V. L’Eucharistie va donc
- conjoindre ce sang innocent au Sang Précieux du Christ crucifié,
- conjoindre la vertu du baptême de désir au mérite du baptême de sang potentiellement présents dans le Cœur eucharistique du Christ.

Est-il cependant au pouvoir des clés de l’Eglise de Pierre de s’engager plus avant par une proclamation expresse, pour intégrer dans son sein les enfants innocents en attente de justification par la grâce ?


Question n°5 :
Peut-on fonder en droit la possibilité pour l’Eglise militante
d’atteindre pour leur incorporation à la grâce, des enfants décédés ?

I. C’est la grosse objection. L’Eglise militante ne peut en effet atteindre pour cela que les hommes " in via ".

II. Abordons donc la pensée de l’Eglise, qui a parlé plusieurs fois pour maintenir contre les jansénistes et les pseudo mystiques :

a. L’impossibilité pour ces nouvelles vies humaines de participer à la gloire du Ciel parce que leurs âmes restent entachées du péché originel.

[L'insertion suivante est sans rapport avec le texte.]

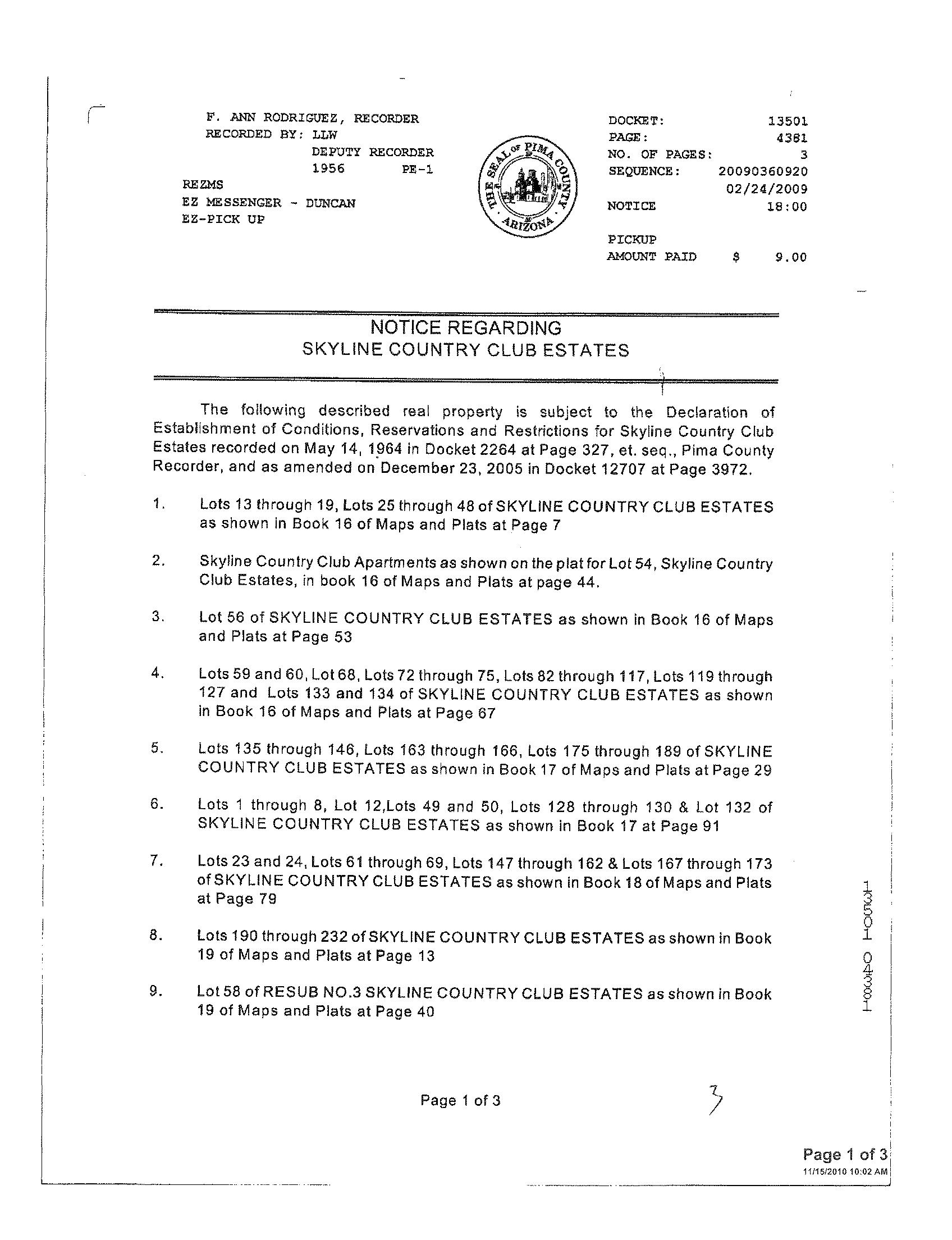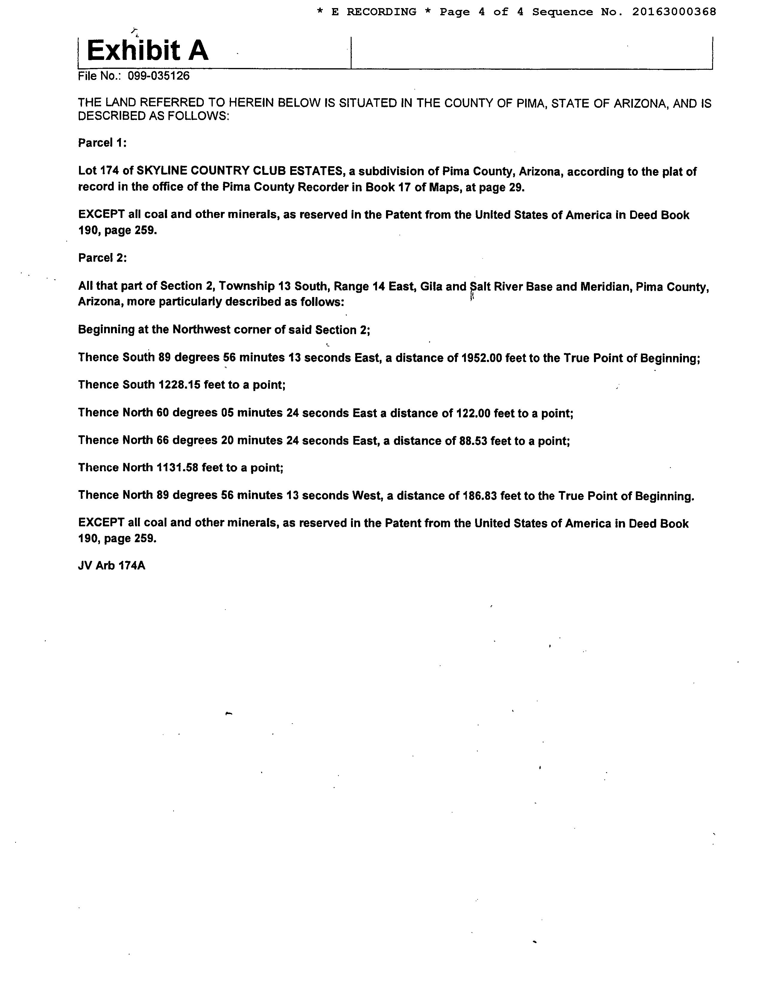 Legal Description : Skyline Country Club Estates Lot 174 & Irr Ptn Lot 3 Sec 2-13-14

b. Leur statut d’attente dans ce que certains ont pu à tort appeller les limbes ; il faut noter à cet égard la Lettre d’Innocent III adressée à l’Archevêque d’Arles, et surtout la Bulle Auctorem fidei de PieVI. Ces lieux d'attente des enfants morts sans Baptême, que l'Ecriture nomme " sous l'Autel ", ne sont pas l’enfer, qui contient les âmes des damnés pour l’éternité. Elles ne sont pas le Ciel, qui accueille les élus dans la vision béatifique. Elle ne sont pas non plus une partie du Purgatoire (voir St Thomas d’Aquin : le temps du Purgatoire est mué en " aevum ", les âmes qui s’y trouvent ne sont plus " in via ", dans un temps univoquement terrestre).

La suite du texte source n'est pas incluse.